Le secrétaire américain à la Défense, Mark Esper, a déclaré que les manifestations de rue à Téhéran montrent que le peuple iranien a faim d'un gouvernement plus responsable.

"Vous pouvez voir que le peuple iranien se lève et affirme ses droits, ses aspirations à un meilleur gouvernement – un régime différent", a déclaré Esper. Il est apparu lors de deux nouvelles du dimanche alors que le conseiller à la sécurité nationale du président américain Donald Trump, Robert O'Brien, a été interviewé sur trois autres personnes – faisant pression sur la campagne de la Maison Blanche pour exercer une "pression maximale" sur Téhéran afin de changer son comportement.

O'Brien a suggéré que les États-Unis voient ce moment comme une opportunité d'intensifier davantage la pression sur les dirigeants iraniens, avec lesquels les États-Unis sont en désaccord depuis quatre décennies.

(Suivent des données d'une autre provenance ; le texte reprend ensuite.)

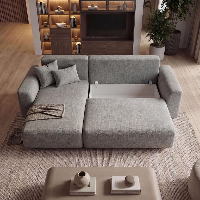 Keeping your living room tidy is easy with LORRAINE'S integrated bedding storage compartment. Hidden neatly beneath the chaise, the spacious compartment provides plenty of room for duvets, pillows or blankets. This smart feature allows you to keep essentials close at hand while maintaining a clutter-free interior. Simply lift the seat section to access the storage.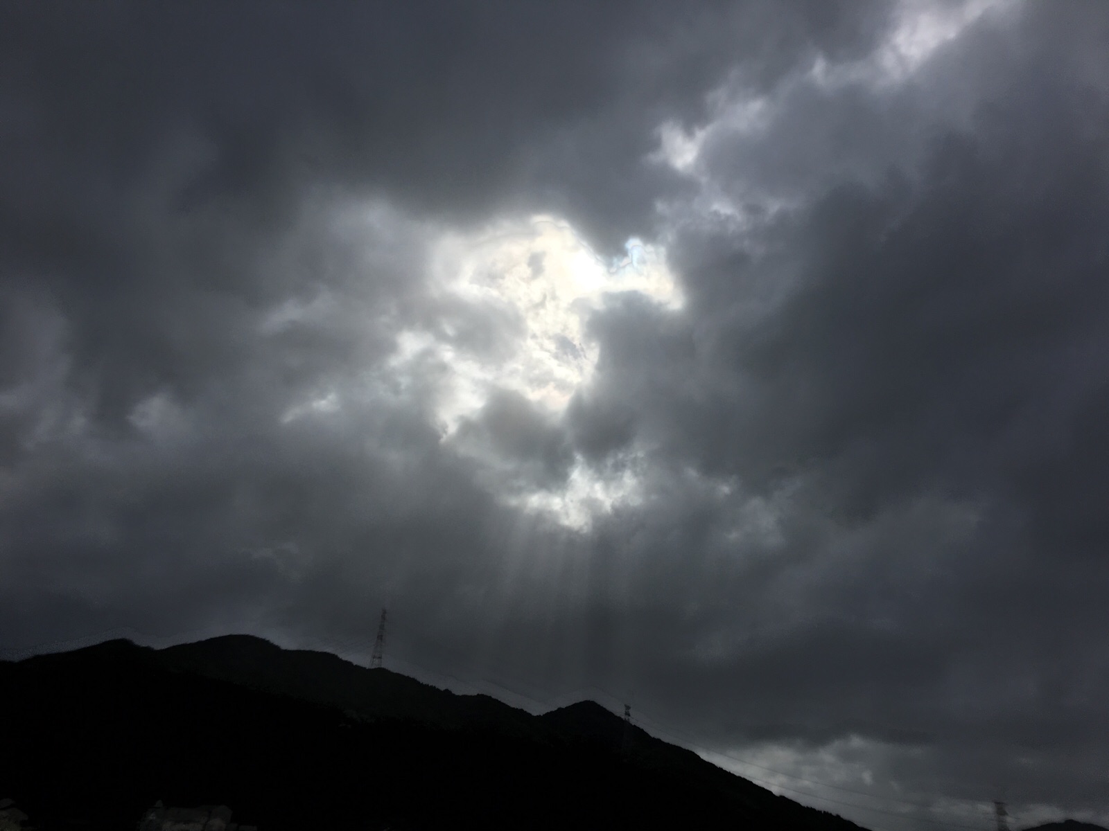 厚い黒雲からも、次々と天の光が射し込んでいます!エステルY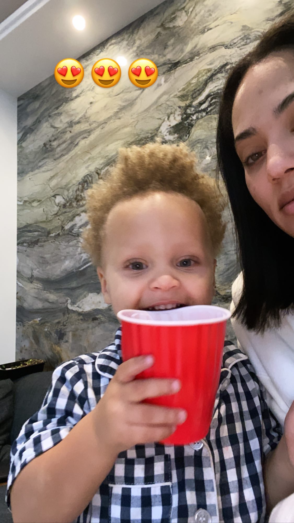遗传爱吃爆米花的基因?阿耶莎晒儿子手捧爆米花桶的照片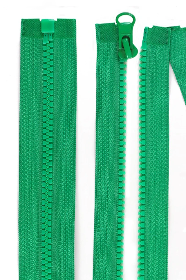 Тракторная молния состоит из отдельных пластиковых зубьев, закреплённых на тесьме. Молния разъёмная - ленты тесьмы молнии не скреплены между собой - используется в одежде, которая должна расстегиваться полностью, например, на куртках, толстовках. Молния тип 5 предназначена для пошива одежды, сумок и рюкзаков.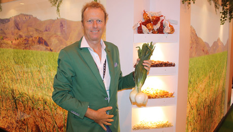 Tot slot promootte Bejo op de beurs in Madrid uien in een bos afkomstig van kortedagplantuien in drie kleuren. "In Spaanse supermarkten zijn deze momenteel enorm populair en we willen ze op de Fruit Logistica ook gaan promoten. Het is geen echte bosui, maar wij noemen het een ui die we bossen. Dat doen we ook in combinatie met andere kleuren. Ze worden verkocht, zoals bijvoorbeeld bospeen", vertelt de directeur van Bejo Iberica. "En het product wordt helemaal gebruikt. De ui veelal voor in salades en de nek voor in de soep!"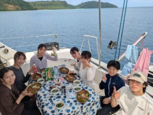 そんなラッキーデイにリピーターさんファミリーとヨットシュノーケルツアーへ!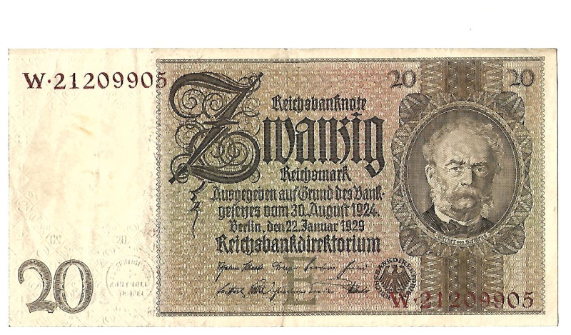 Niemcy - III Rzesza - BANKNOT - 20 Marek 1929 (55)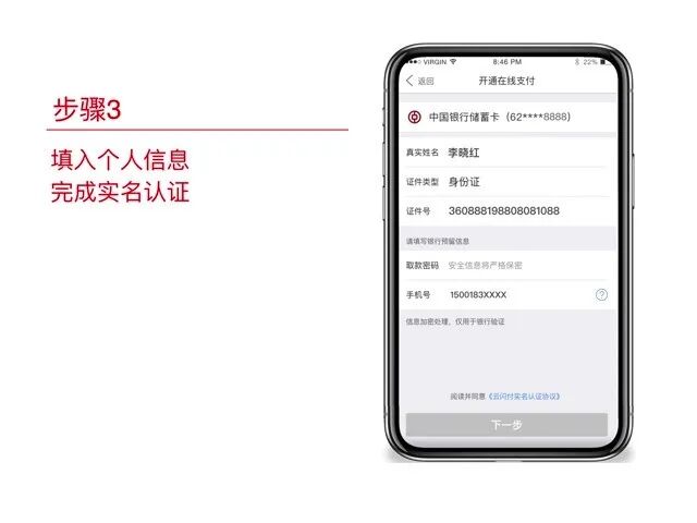第一步 填写姓名、身份证、手机号码 并获取短信验证码  第二步 输入短信验证码  第三步 验证成功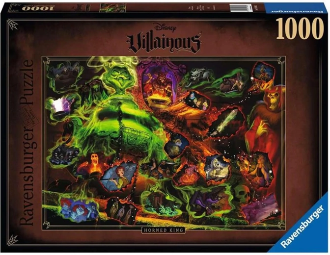 Ravensburger puzzel Villainous: Gehoornde Koning met 1000 meesterlijk vervaardigde stukjes nodigt je uit op een boeiende reis vol strategie en vindingrijkheid. Deze betoverende puzzel is ontworpen om kinderen vanaf 12 jaar te vermaken en uit te dagen, en ondersteunt de ontwikkeling van cognitieve vaardigheden en geduld.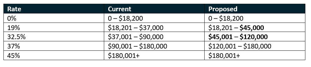 These changes mean that the upper threshold of the 19% personal income tax bracket will be increased from $37,000 to $45,000 and the 32.5% personal income tax bracket from $90,000 to $120,000.

Les dirigeants iraniens subissent déjà d'énormes pressions à cause des sanctions économiques qui ont pratiquement étranglé la principale source de revenus de l'Iran – les exportations de pétrole.

Trump lui-même subit de fortes pressions alors qu'il fait face à un procès en destitution prévu au Sénat. Beaucoup au Congrès sont également bouleversés par sa gestion de l'Iran, se plaignant que l'administration ne les a pas consultés avant la grève du 3 janvier qui a tué le général le plus puissant d'Iran, ni n'a suffisamment informé les membres par la suite. Trump a compliqué le débat en affirmant sur Fox News qu'il devait frapper rapidement parce que les renseignements montraient que l'Iran aurait pu attaquer quatre ambassades américaines.

Esper et O'Brien ont déclaré qu'ils étaient d'accord pour dire que l'Iran aurait pu frapper plus que l'ambassade des États-Unis dans la capitale irakienne, mais Esper a déclaré explicitement qu'il n'avait vu aucune preuve tangible que quatre ambassades étaient menacées.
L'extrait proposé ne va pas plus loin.